Keynote
Hao Chen
Senior Principal Engineer
Game Technology Group, Amazon
Title: From Pixels to Reality -- Thinking Differently about Graphics in Games
Abstract
Today's game engines can render millions of polygons at ultra-high resolution and high frame rates, with sophisticated lighting and realistic materials. Yet, even in the best games today, one can not find shadows that are free of acne, edges free of jaggies, and transparencies that are sorted correctly. As a matter of fact, in games we still suffer from the same kind of artifacts that were there ten years ago, just to a lesser degree. Compare to CG films, which even in earlier days produced alias-free images, games has gone down the deliberate path of maximizing throughput while accepting artifacts that are unacceptable in other mediums. Years of cumulative advances in graphics hardware and software down this path has resulted in today's "ultra-high res and noisy" look that defines game graphics today. While that look has been the accepted norm, even preferred by gamers, the world of gaming is changing rapidly and it calls into question how much longer we can stay in the current trajectory of increasing fidelity while only slowly chipping away at the artifacts.

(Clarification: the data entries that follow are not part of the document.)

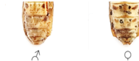
Gambar 1. Bentuk abdomen walang sangit jantan (♂) dan betina (♀)

Hasil pengujian ketertarikan walang sangit jantan dan betina terhadap empat jenis perangkap yang berbeda disajikan pada Tabel 1.
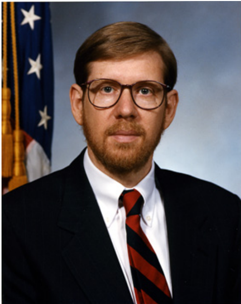
David Kessler, ex commissario della FDA, è stato fondamentale per portare la pillola abortiva negli Stati Uniti

Nel 1996, sotto la direzione di Kessler, un comitato consultivo della FDA aveva ritenuto il farmaco "sicuro ed efficace" per le donne americane al termine degli studi clinici. A Family Research Council (FRC) Relazione del processo ha preso atto dei conflitti con gruppo consultivo di Kessler. Live Action News in precedenza ha dettagliato il processo segreto e parziale che circonda l'approvazione della pillola e ha sottolineato come la FDA di Kessler abbia politicizzato il processo di approvazione della pillola abortiva scegliendo di non pubblicare i nomi degli "esperti" che hanno esaminato il farmaco. La pillola abortiva è stata infine approvata dalla FDA nel 2000, dopo che Kessler si era dimesso dal suo incarico.
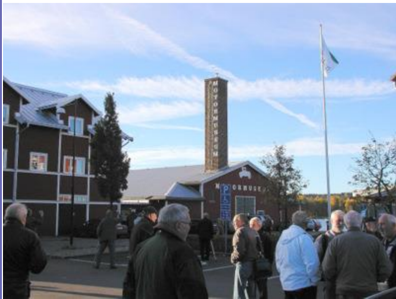
Turens første besøg gjaldt Motormuseet i Motala. Det er et sted, hvor nostalgien virkelig får lov at udfolde sig. Billederne herunder kan kun give et ganske svagt indtryk af dette, og desværre kan pensionisternes mange begejstrede "Ih-Åh!"-udbrud ikke gengives.
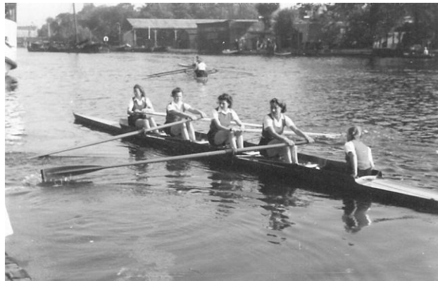
De jaarlijkse WRB-wedstrijden werden op 4 oktober 1942 verroeid op het Galgewater. De beide Leythse damesvieren; links de wedstrijd van de stijlviere; rechts de winnende stijlvier; het woonschip aan de Morskade hing gevaarlijk scheef.
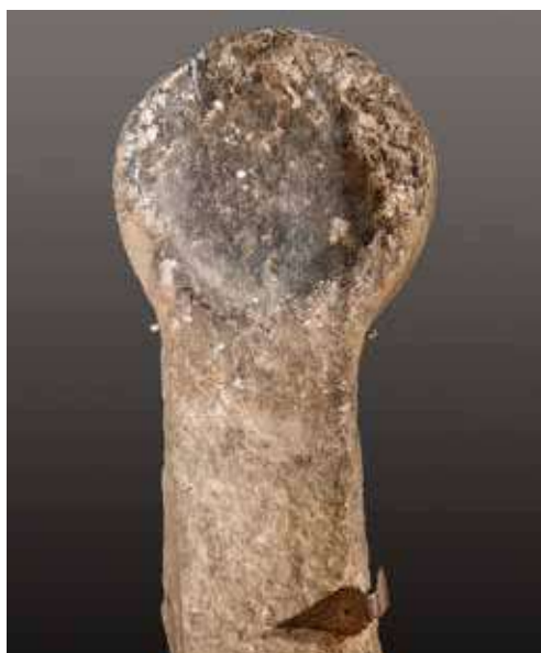
Figura 42. Lerruz/Lerrutz. Estela sin ornamento.
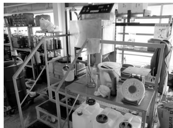
廃天ぷら油が軽油に生まれ変わります

問 家庭から出る廃天ぷら油は平均年間4リットルと言われているが、ほとんどは、新聞紙に染みこませたり、固めたりしてゴミとして処理されている。
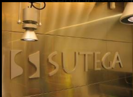
SUTEGA | OBRAS ILUMINACIÓN
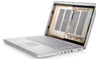
Gutenberg-Bibel online – typisch Südniedersachsen: Modernstes Know-how mit langer Tradition.

Nehmen Sie für ein erstes unverbindliches Gespräch Kontakt mit uns auf.
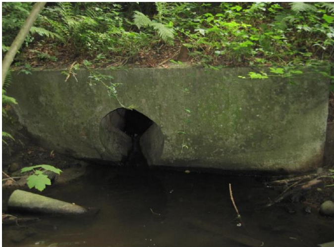
Figur 1. Bro nr. 1518.
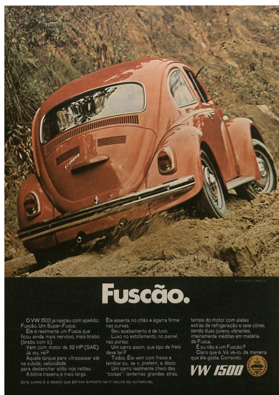
Figura 5 – Fusção
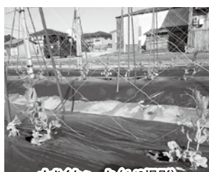
大きくなあ〜れ(4/6撮影)
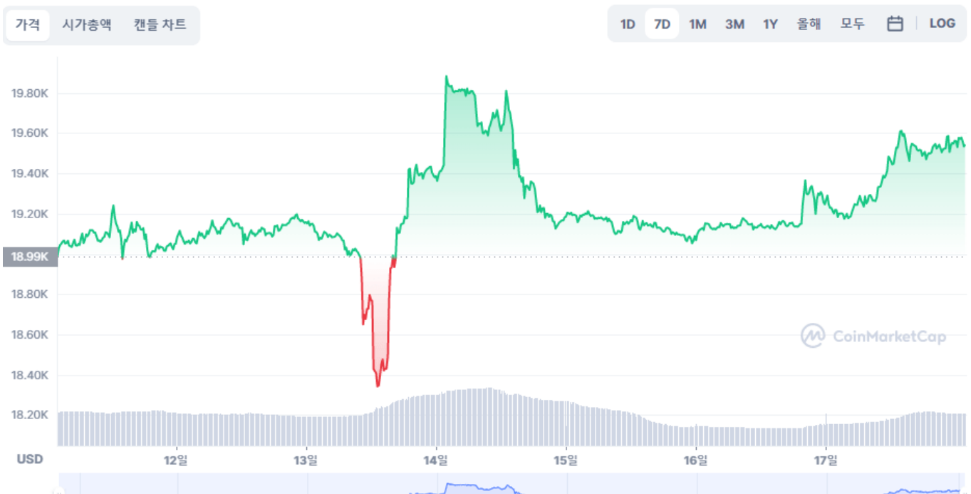
Bitcoin 대 USD 차트

주말 시작과 함께 최근 24시간 동안 소폭 상승했습니다. 비트코인은 최근 한 달간 1만9000~2만1000달러의 좁은 범위에서 거래를 이어오고 있습니다. 분석가들은 예상치 못한 촉매가 없는 한 지금 같은 추세가 이어
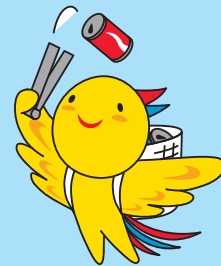
兵庫県マスコットはばタン
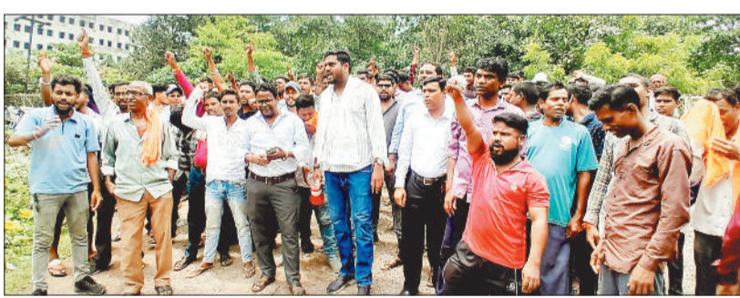
सिरिगिट्टी जौन कार्यालय का घेराव करते नगपुरा के उपभोक्ता।
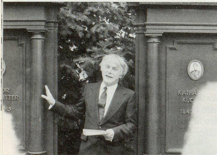
«Zwei sich Liebende konnten im Leben nicht zueinander kommen. Sie liessen sich dafür nebeneinander begraben und dokumentierten ihre Verbundenheit mit den gleichen Grabsteinen.»

dabei ist, dass er in der Zeit zu Hause ist, wo die von ihm beschriebenen Menschen lebten. Sie sind ihm wertvoll, er behandelt sie mit grosser Pietät, stellt auf den Führungen – bei- nahe unbemerkt – bei diesem Grab ein umgefallenes Blumenstößchen wieder auf, wischt bei jenem einen Grabstein sauber.
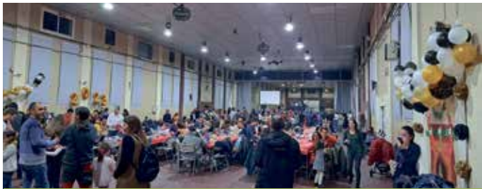
⤴ La fiesta de Nochevieja anticipada del Ampa Víctor Mendoza estuvo muy animada

El Ampa del CEIP Víctor Mendoza, con la colaboración del Ayuntamiento de Binéfar, celebró el pasado 9 de diciembre en el Recinto Ferial una fiesta anticipada de Nochevieja, dirigida en especial a los niños porque no suelen disfrutar de esta celebración pensada para adultos, en la que participaron alrededor de 600 personas. Abierta a todo el público, contó con actuaciones, batucada, animación y grupos de baile, con los que estuvo asegurada la diversión. El Ampa organizó esta velada pensando ante todo en proporcionar una nueva experiencia a los pequeños.
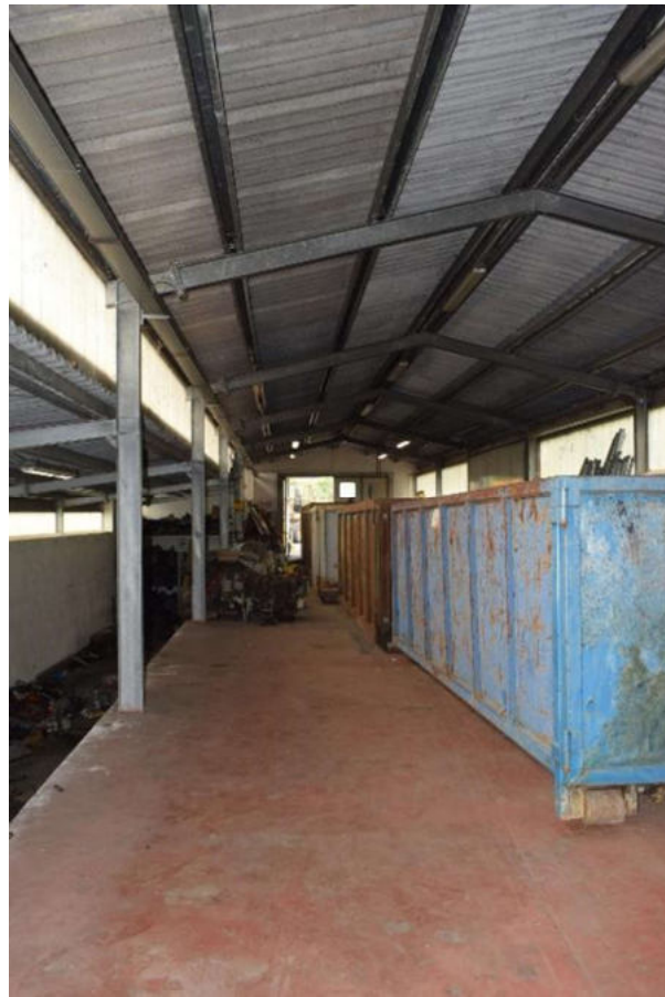
VISTA INTERNO CAPANNONE

Will games and gamers of the future define new standards of quality and requirements that require us to think differently? In this talk, I will examine a number of factors that are emerging in the world of games that might require us to think of graphics in fundamentally different way than we have been, among them, the rising cost of content production; the emergence of community based gaming and proliferation of user created content; the continued expansion of mobile gaming; the cloud as an enabling technology; and the explosion of VR and AR. In this new world of gaming, we might have to abandon entire family of techniques that "almost worked", even entire rendering architectures, and search for ways to address artifacts that breaks the player immersion and suspension of disbelief. We might have to sacrifice raw polygon and pixel throughput in favor of increasing qualities in areas that are sensitive to the human perception. We might have to move the bulk of computation into the cloud, as a way to reduce cost, to enable user content creation, to build gaming communities of massive scale, and to enable mobile gamers to enjoy the same richness of content enjoyed by console and PC games. At the end of the talk, I will highlight a number of significant challenges and opportunities for graphics research in the exciting new world of gaming.
Bio
For nearly two decades, Hao Chen has led graphics R&D and game engine development at a number of game companies, including SingleTrac, Microsoft, and Bungie. Hao helped shape the core technology for some of the most innovative and influential games in history, including the Halo series and Destiny. With each game they shipped, Hao and his teammates have consistently raised the visual bar for real time graphics and much of their success is attributed to paring daring graphics research with solid engineering, while paying close attention to artist pipeline and workflow. Hao has a long history of collaborating with graphics researchers and such collaboration has led to wide adoption of a number of techniques in games. Hao is a frequent contributor to graphics and game conferences. Hao recently joined Amazon's games technology group as a senior principal engineer. In his spare time, Hao enjoys photography, making music and films, and piloting airplanes.